If you’ve applied for a rental in the last several years, there’s a good chance a private screening company searched records to see if you have a criminal history or court-ordered evictions.
Landlords use screening companies to minimize risk to their properties, but the process has had unintended consequences. In addition to finding evictions and criminal records, screening companies sometimes find court records indicating a prospective tenant was or is a victim of domestic violence or stalking.
When landlords get this information, they have at times simply rejected the prospective tenant to avoid having to deal with the tenant’s current or former abuser. It’s been illegal to reject a rental application because of domestic violence for about a decade, but landlords can reject applications for reasons other than domestic violence, said Michelle Thomas, policy director at the Washington Low Income Housing Alliance.
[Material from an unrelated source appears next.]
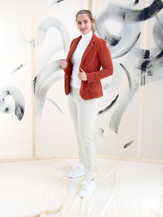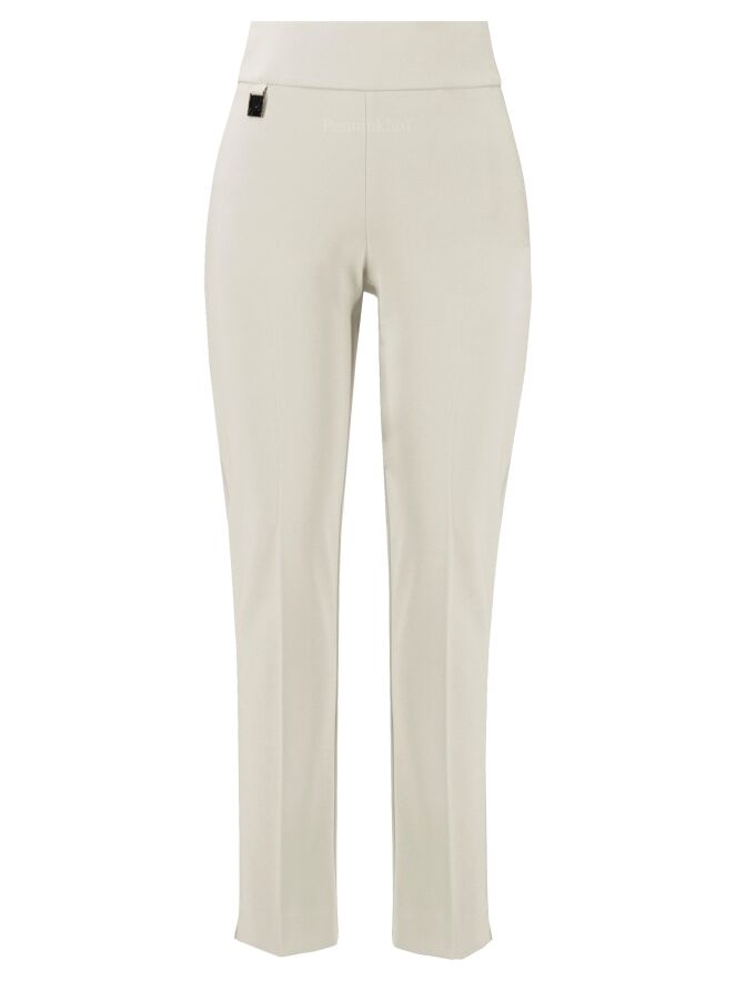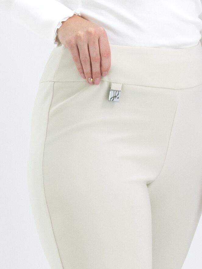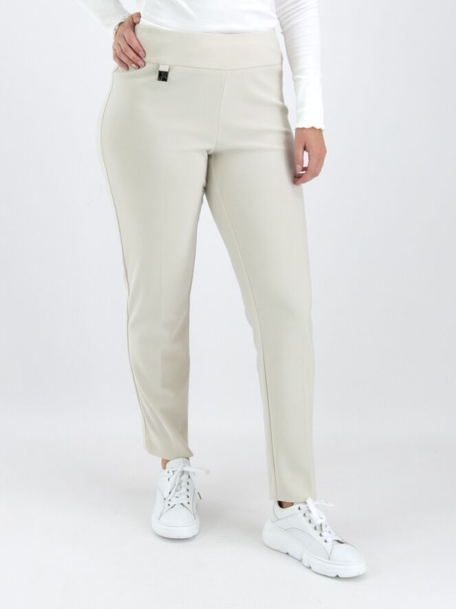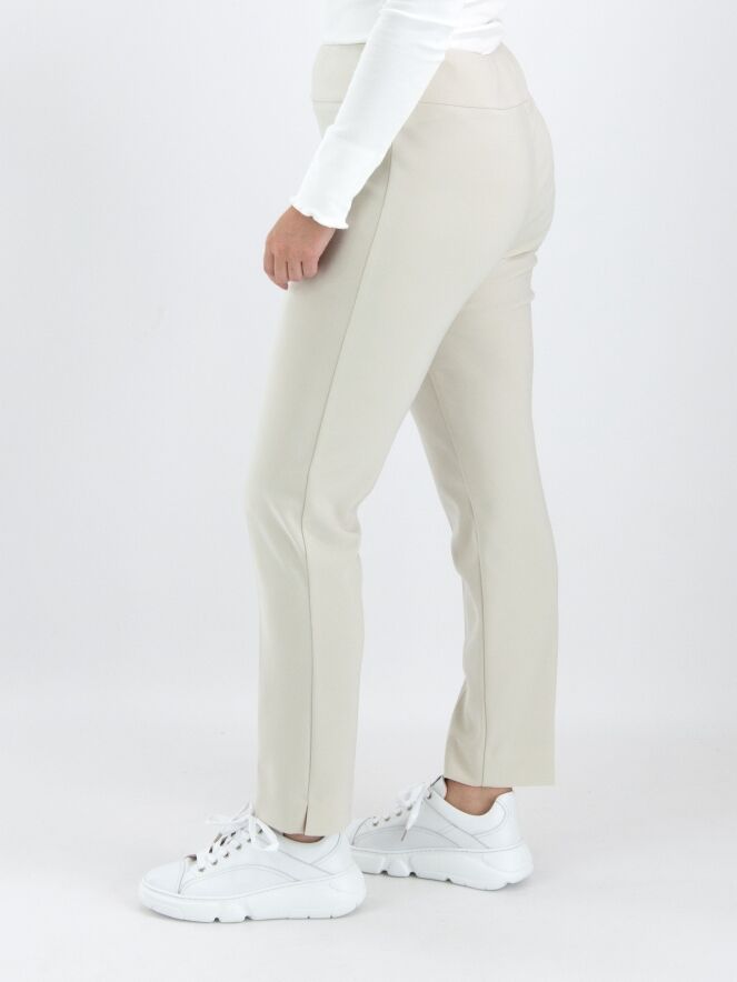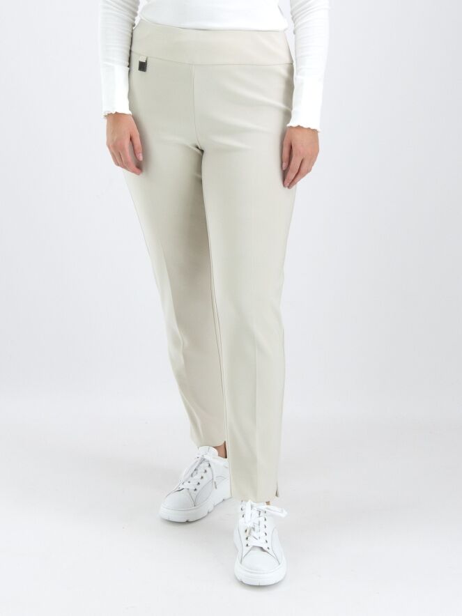 Eine luxuriöse Basis-Hose von Joseph Ribkoff in Beige. Der Bund ist mit einem breiten elastischen Band versehen. In der Mitte der Beine befindet sich eine eingebügelte Falte. Am unteren Ende gibt es an der Außenseite der Beine einen kleinen Schlitz. Diese Hose kann von Hand gewaschen werden.

“If they know it’s illegal to discriminate [against domestic violence survivors], they may use that information but will give a different reason, a proxy or a lie,” Thomas said.
A new law will prevent that. Gov. Jay Inslee signed legislation April 23 that forbids tenant screening companies from disclosing an applicant’s status as a victim of domestic violence or if they had previously terminated a rental agreement when fleeing a dangerous situation.
The new law will restrict tenant screening companies from sharing the information at all.
A law passed last year allows tenants to request documentation explaining why their application was rejected. If a landlord received any information about domestic violence, it would be apparent in that documentation.
In combination, these laws give survivors of domestic violence a path to secure housing, Thomas said.